Your response to the data below should hold nothing except the lines from the one containing "Május 30-án az" down to the one containing "3、然后向卖书先生(12,5", reproduced exactly and without pictures.

Listed records

+-------+

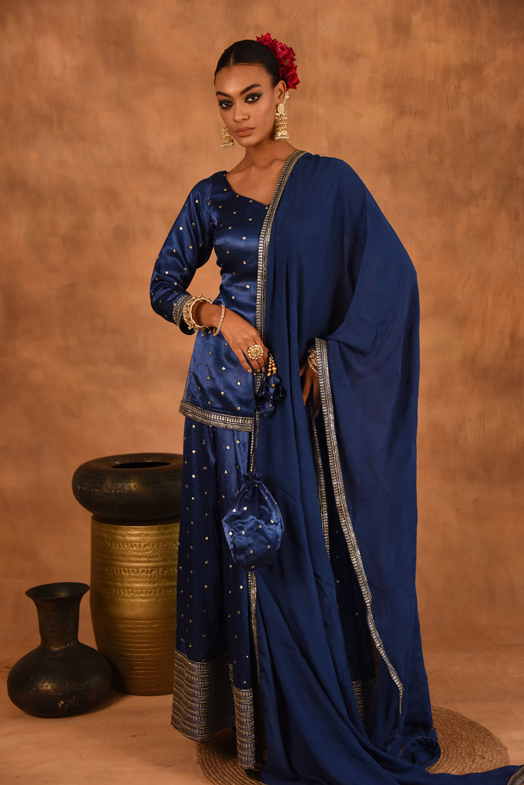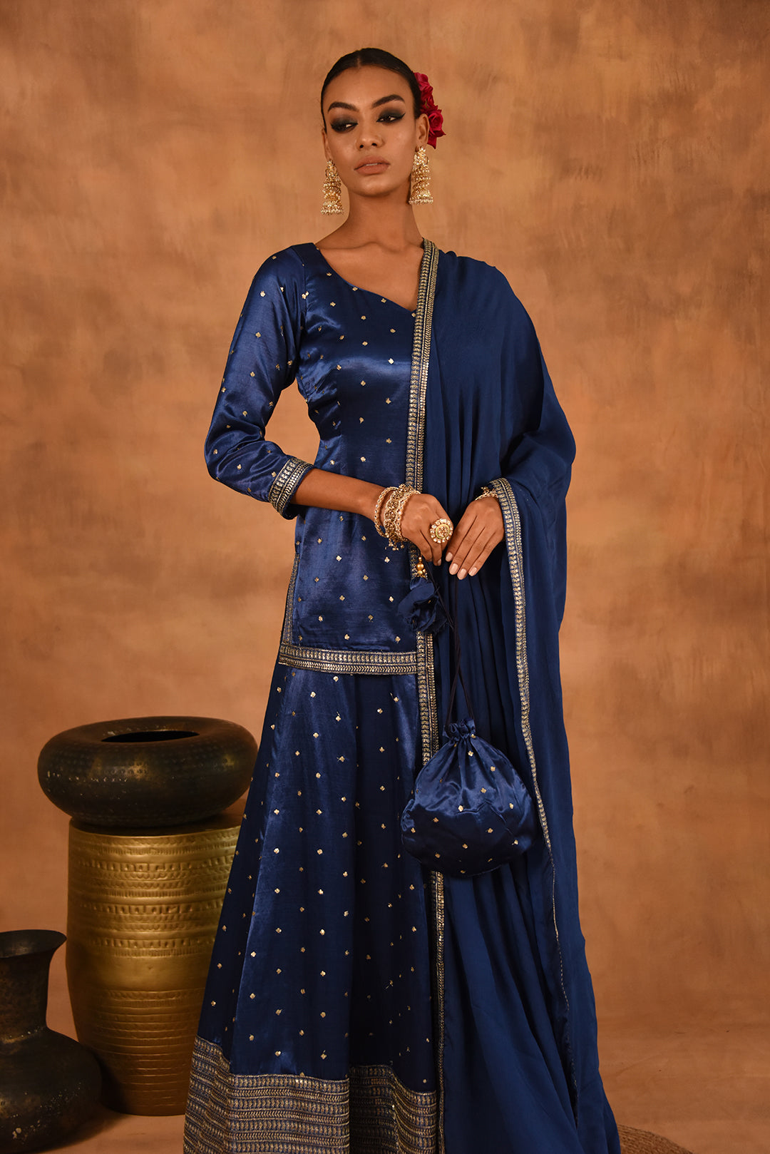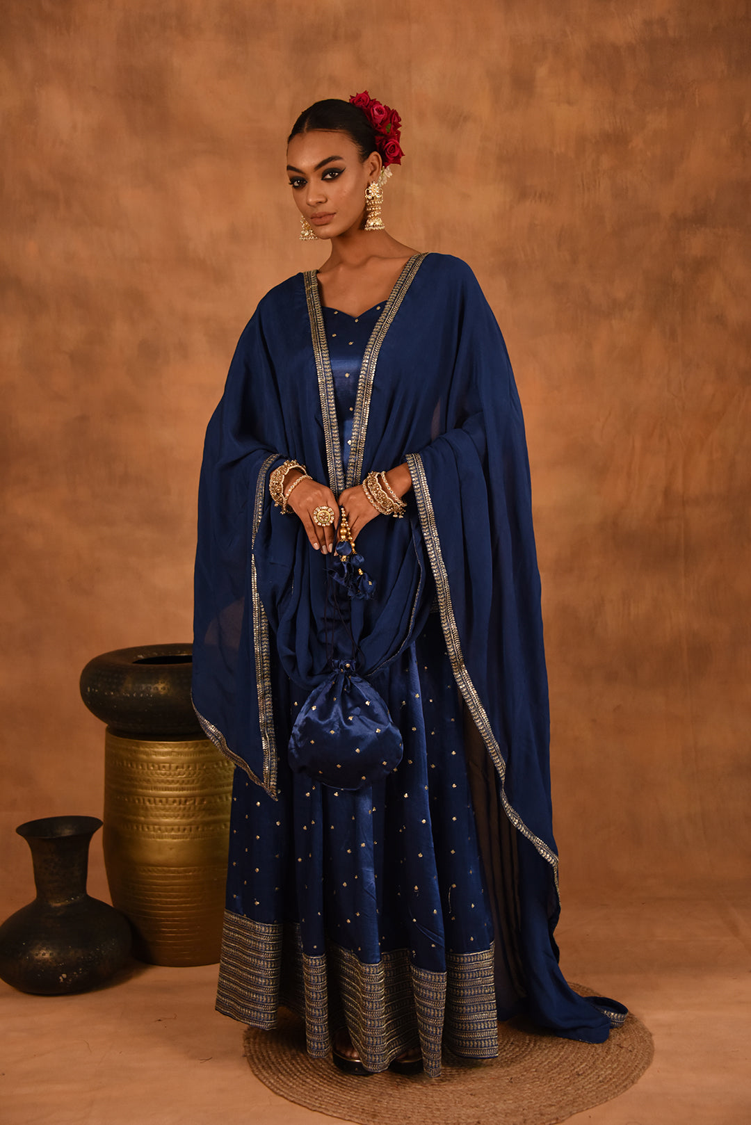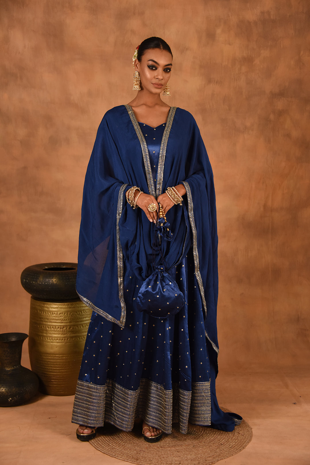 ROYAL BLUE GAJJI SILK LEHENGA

+-------+

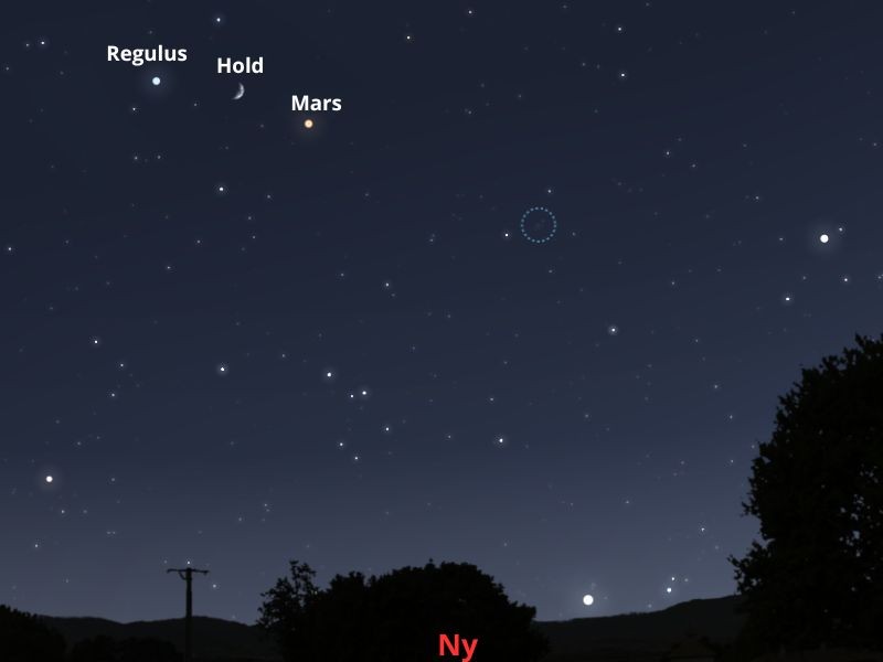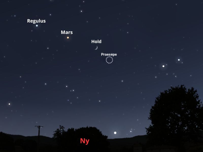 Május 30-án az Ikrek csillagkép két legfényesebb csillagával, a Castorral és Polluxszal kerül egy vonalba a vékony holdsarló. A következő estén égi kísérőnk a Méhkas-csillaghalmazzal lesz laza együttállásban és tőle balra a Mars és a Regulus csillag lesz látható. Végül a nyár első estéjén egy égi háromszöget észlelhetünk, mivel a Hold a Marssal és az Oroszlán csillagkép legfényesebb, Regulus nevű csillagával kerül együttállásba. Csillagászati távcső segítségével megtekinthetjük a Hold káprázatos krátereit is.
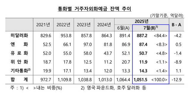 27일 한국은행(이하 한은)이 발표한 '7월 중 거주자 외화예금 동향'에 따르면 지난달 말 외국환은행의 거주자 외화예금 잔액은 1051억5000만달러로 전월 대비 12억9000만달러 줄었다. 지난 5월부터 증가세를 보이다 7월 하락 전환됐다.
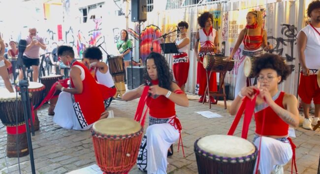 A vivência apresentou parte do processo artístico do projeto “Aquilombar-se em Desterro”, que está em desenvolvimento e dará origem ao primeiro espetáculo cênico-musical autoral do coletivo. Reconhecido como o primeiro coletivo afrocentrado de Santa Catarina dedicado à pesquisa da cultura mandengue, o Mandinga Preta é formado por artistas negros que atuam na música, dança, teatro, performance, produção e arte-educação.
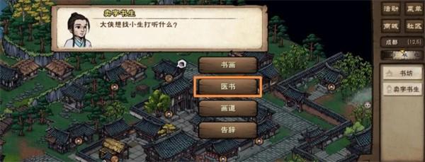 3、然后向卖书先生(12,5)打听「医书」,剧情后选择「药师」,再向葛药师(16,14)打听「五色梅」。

+-------+

Result
 Május 30-án az Ikrek csillagkép két legfényesebb csillagával, a Castorral és Polluxszal kerül egy vonalba a vékony holdsarló. A következő estén égi kísérőnk a Méhkas-csillaghalmazzal lesz laza együttállásban és tőle balra a Mars és a Regulus csillag lesz látható. Végül a nyár első estéjén egy égi háromszöget észlelhetünk, mivel a Hold a Marssal és az Oroszlán csillagkép legfényesebb, Regulus nevű csillagával kerül együttállásba. Csillagászati távcső segítségével megtekinthetjük a Hold káprázatos krátereit is.
 27일 한국은행(이하 한은)이 발표한 '7월 중 거주자 외화예금 동향'에 따르면 지난달 말 외국환은행의 거주자 외화예금 잔액은 1051억5000만달러로 전월 대비 12억9000만달러 줄었다. 지난 5월부터 증가세를 보이다 7월 하락 전환됐다.
 A vivência apresentou parte do processo artístico do projeto “Aquilombar-se em Desterro”, que está em desenvolvimento e dará origem ao primeiro espetáculo cênico-musical autoral do coletivo. Reconhecido como o primeiro coletivo afrocentrado de Santa Catarina dedicado à pesquisa da cultura mandengue, o Mandinga Preta é formado por artistas negros que atuam na música, dança, teatro, performance, produção e arte-educação.
 3、然后向卖书先生(12,5)打听「医书」,剧情后选择「药师」,再向葛药师(16,14)打听「五色梅」。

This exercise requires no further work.